Review by Emma Ewan | 19 Apr 2013

What do you get when two Scotsmen, a Mexican and a Welsh woman spend three weeks together in a gallery space in Govan? Well, a pretty good show, actually. The residency by Jon Thomson, John Nicol, Carla Novi and Gwenan Davies culminates in an entertaining exhibition about identity, experimentation and the nature of humour.

Setting the tone, the exterior window bears an utterly surreal handwritten joke, playing on the aforementioned classic joke prelude and making reference to other clichéd joke lines and cultural stereotypes. Inside, among a jumble of cacti, crickets, comedy sunglasses, cocktails and kissing, the gallery is overrun with impressively stacked towers of beer mats; perhaps a token of the time spent in each other’s company, hours of thinking and drinking.

A number of video works on TV monitors show footage of moments captured in the space. On one, John Nicol sits in the gallery window playing a silly beat on a tiny keyboard to a pattern generated by the unsuspecting public as they traverse the pedestrian crossing. This spontaneous game summarises the general feeling of the show - intuitive and refreshingly playful. 

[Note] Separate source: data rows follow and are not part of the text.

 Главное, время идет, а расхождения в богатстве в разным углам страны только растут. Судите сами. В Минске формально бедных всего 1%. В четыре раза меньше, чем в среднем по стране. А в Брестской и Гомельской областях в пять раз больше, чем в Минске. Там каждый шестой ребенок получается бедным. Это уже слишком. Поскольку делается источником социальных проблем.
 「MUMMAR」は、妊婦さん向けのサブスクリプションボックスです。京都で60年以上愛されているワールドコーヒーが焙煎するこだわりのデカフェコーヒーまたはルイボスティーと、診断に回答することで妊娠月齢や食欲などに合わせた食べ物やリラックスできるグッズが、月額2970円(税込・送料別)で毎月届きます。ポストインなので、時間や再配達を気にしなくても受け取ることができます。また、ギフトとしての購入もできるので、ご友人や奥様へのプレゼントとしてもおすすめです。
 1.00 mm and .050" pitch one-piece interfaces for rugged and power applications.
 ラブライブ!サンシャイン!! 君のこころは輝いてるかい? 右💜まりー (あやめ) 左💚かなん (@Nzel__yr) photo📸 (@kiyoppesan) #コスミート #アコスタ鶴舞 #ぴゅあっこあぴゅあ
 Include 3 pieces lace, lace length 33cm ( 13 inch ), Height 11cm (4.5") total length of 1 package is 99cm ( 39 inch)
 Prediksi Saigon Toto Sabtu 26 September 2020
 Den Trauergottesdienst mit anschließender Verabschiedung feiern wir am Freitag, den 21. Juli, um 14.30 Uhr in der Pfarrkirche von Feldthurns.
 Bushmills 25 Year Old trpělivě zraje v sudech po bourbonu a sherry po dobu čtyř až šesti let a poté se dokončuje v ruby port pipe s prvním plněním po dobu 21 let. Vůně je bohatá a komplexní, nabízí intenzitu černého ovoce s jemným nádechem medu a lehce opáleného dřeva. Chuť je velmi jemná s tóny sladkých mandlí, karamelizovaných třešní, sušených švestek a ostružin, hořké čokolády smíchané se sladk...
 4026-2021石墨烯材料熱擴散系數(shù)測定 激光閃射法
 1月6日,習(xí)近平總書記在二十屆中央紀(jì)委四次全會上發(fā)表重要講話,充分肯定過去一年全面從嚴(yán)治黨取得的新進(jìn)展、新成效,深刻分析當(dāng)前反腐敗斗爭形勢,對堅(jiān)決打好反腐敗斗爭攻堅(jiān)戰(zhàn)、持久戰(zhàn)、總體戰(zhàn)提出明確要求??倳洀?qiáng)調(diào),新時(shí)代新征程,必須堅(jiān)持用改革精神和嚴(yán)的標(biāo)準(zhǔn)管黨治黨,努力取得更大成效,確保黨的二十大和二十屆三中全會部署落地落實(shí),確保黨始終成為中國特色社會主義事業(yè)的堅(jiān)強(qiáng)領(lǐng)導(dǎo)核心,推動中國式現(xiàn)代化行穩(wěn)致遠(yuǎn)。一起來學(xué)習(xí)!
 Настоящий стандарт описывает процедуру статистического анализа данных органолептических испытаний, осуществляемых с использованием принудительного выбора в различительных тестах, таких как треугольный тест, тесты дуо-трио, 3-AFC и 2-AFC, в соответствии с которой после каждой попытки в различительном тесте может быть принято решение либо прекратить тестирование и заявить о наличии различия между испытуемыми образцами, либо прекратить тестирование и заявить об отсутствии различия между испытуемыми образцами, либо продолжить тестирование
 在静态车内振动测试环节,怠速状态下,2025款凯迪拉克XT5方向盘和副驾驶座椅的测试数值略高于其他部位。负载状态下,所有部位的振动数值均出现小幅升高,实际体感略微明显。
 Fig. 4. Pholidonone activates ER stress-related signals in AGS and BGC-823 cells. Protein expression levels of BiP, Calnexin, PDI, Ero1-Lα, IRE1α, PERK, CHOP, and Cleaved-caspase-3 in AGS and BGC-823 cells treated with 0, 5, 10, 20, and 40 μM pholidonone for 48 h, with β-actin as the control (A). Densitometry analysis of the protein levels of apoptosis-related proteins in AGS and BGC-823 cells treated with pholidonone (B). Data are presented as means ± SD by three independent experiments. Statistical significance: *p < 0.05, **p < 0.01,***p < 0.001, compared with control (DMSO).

A second screen shows Carla Novi attempt to tell a joke in her native tongue, but bursts of red-cheeked laughter prevent her from reaching the punch-line. On a third, clad in a Mexican wrestling mask (but an unlikely wrestling candidate), Jon Thompson scales walls in order to combat a static beer mat tower. The looped repetition of these relentlessly ridiculous scenarios gives everyone uncontrollable giggles, and it’s not just because the Govana Libres are flowing.

There is no attempt to draw contrived relationships - instead, the artists start from scratch to produce something that is impulsive and entirely the product of the group as a collaborative entity. It may have only scraped the surface in its investigation into human nature, but it made me laugh. A lot.